▸ **TASK**
An exact transcription is needed of the lines below from the one with "2025年山西物理组本科线为" through the one with "The VT Cosmetics", with no other lines and no pictures.

▸ **MATERIALS PROVIDED**
━━━━━━

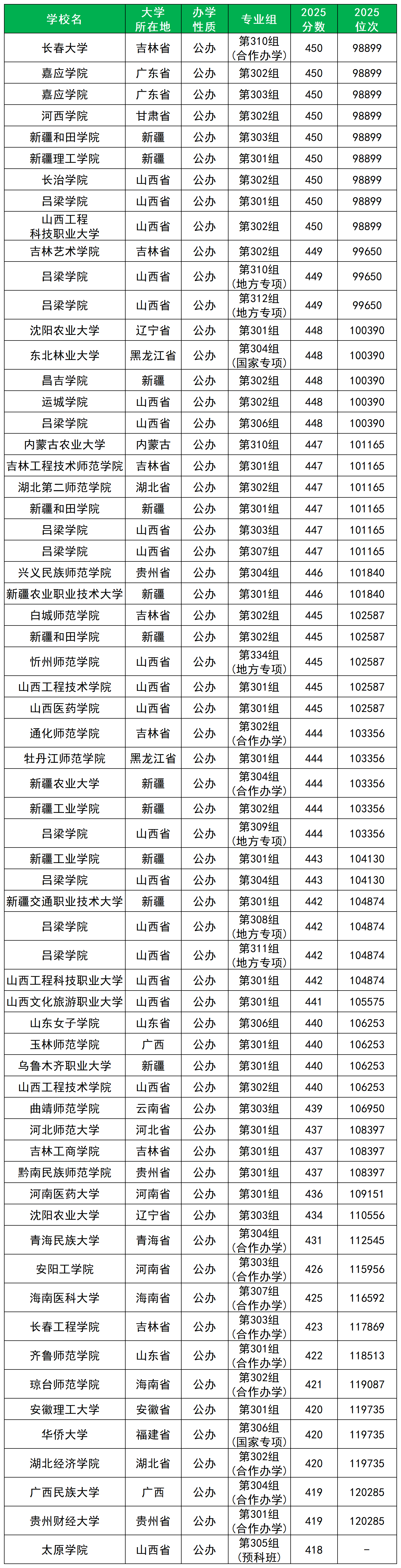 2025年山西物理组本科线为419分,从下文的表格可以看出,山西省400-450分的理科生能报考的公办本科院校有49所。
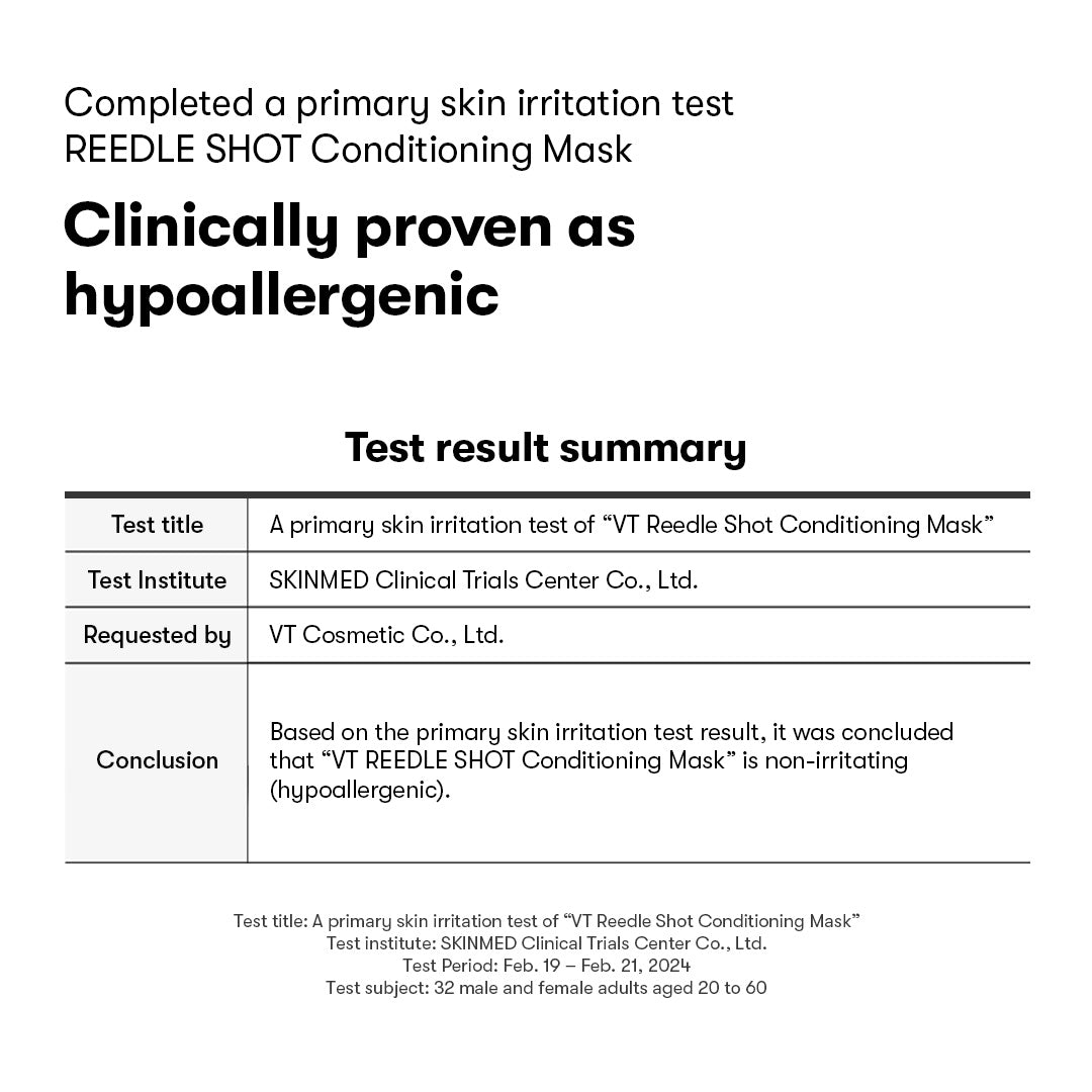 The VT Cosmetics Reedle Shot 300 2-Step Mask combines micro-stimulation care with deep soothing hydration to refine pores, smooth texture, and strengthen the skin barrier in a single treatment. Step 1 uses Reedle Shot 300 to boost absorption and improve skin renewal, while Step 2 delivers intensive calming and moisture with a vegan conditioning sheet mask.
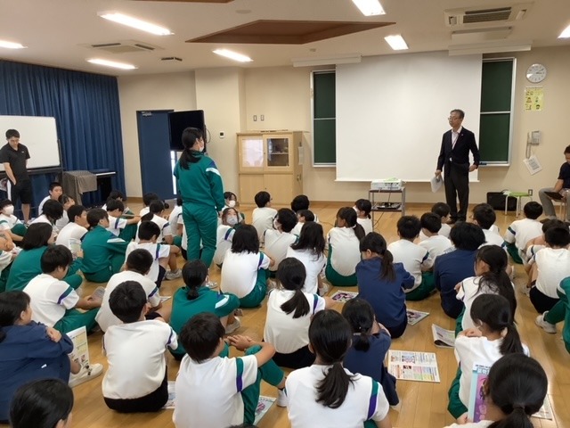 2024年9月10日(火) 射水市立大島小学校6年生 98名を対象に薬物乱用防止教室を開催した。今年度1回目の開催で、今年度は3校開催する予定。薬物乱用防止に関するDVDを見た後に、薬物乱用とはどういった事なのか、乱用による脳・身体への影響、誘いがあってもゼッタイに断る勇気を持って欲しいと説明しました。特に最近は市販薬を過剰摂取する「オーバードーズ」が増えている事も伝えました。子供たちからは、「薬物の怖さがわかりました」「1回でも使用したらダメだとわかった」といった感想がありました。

━━━━━━

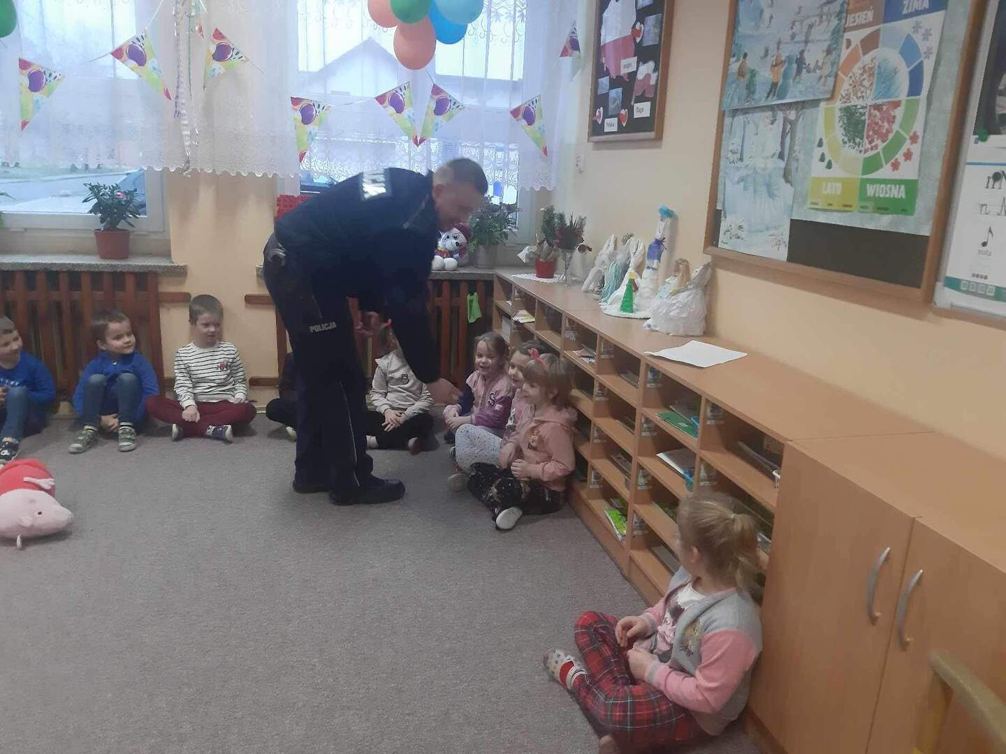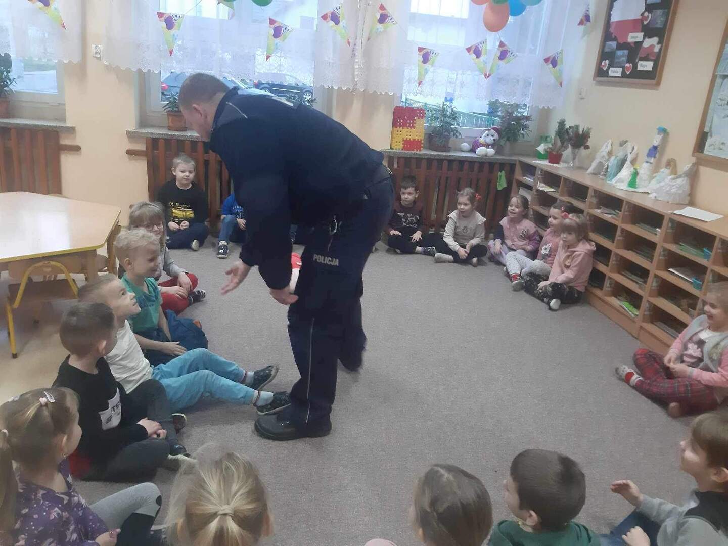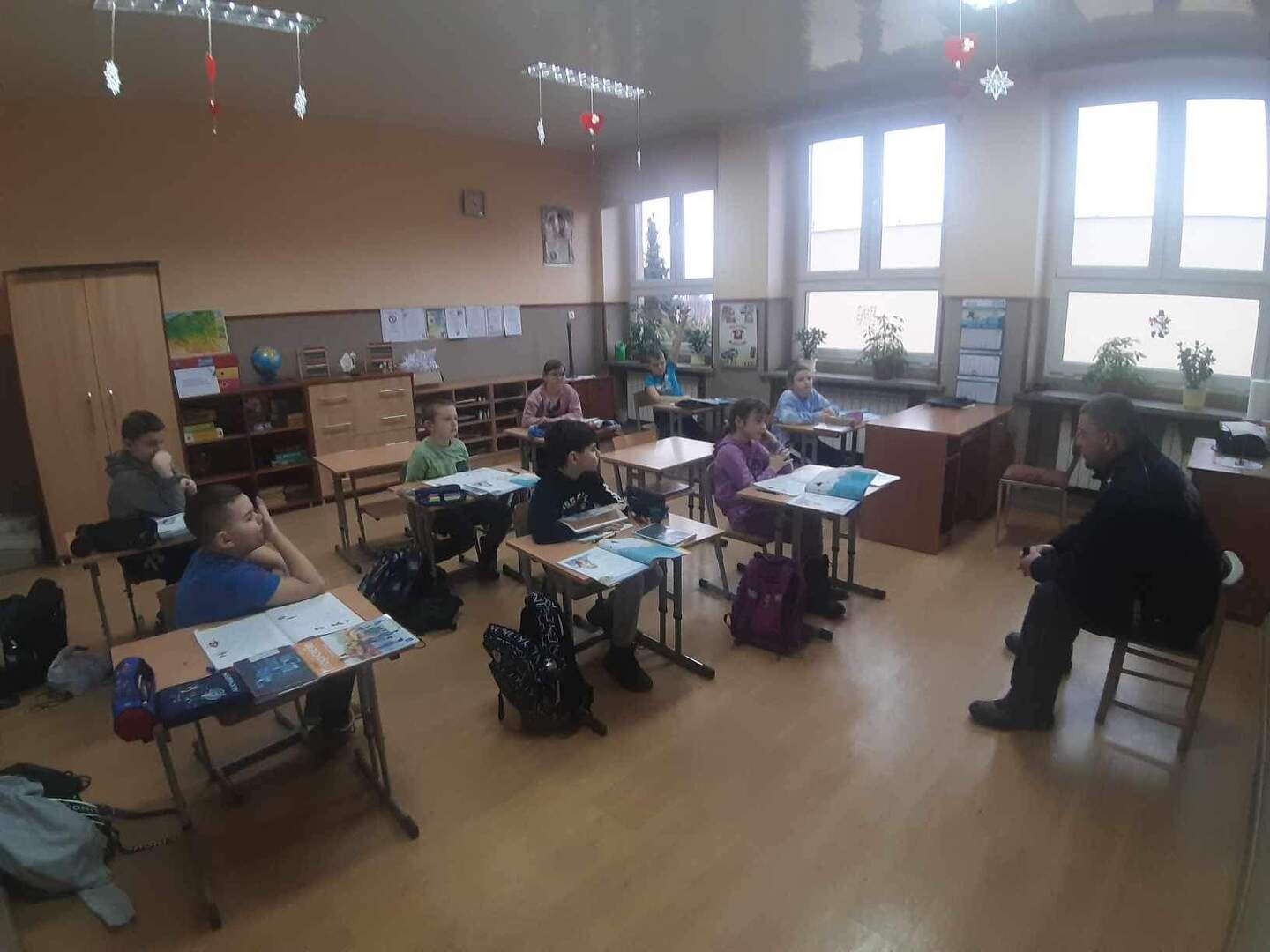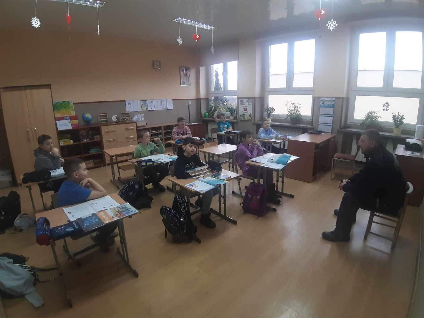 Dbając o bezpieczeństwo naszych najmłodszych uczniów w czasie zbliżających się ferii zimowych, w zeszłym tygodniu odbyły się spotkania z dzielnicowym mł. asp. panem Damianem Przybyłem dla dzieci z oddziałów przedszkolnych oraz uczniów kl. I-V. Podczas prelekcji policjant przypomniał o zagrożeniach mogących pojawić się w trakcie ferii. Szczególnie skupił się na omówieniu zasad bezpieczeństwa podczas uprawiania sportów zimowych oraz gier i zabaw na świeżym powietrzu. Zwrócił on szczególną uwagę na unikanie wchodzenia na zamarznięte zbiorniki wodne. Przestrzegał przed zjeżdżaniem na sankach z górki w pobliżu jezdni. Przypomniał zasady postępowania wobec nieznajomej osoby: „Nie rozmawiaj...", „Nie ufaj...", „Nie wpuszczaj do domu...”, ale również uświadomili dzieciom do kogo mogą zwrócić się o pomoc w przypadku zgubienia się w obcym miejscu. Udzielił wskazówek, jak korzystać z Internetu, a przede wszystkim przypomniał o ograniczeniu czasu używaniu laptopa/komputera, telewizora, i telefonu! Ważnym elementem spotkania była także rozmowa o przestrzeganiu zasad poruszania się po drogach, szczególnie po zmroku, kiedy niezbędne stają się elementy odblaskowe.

━━━━━━

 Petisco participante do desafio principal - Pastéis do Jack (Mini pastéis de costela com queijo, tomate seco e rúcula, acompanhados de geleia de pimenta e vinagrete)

━━━━━━

▸ **EXERCISE RESULT**
 2025年山西物理组本科线为419分,从下文的表格可以看出,山西省400-450分的理科生能报考的公办本科院校有49所。
 The VT Cosmetics Reedle Shot 300 2-Step Mask combines micro-stimulation care with deep soothing hydration to refine pores, smooth texture, and strengthen the skin barrier in a single treatment. Step 1 uses Reedle Shot 300 to boost absorption and improve skin renewal, while Step 2 delivers intensive calming and moisture with a vegan conditioning sheet mask.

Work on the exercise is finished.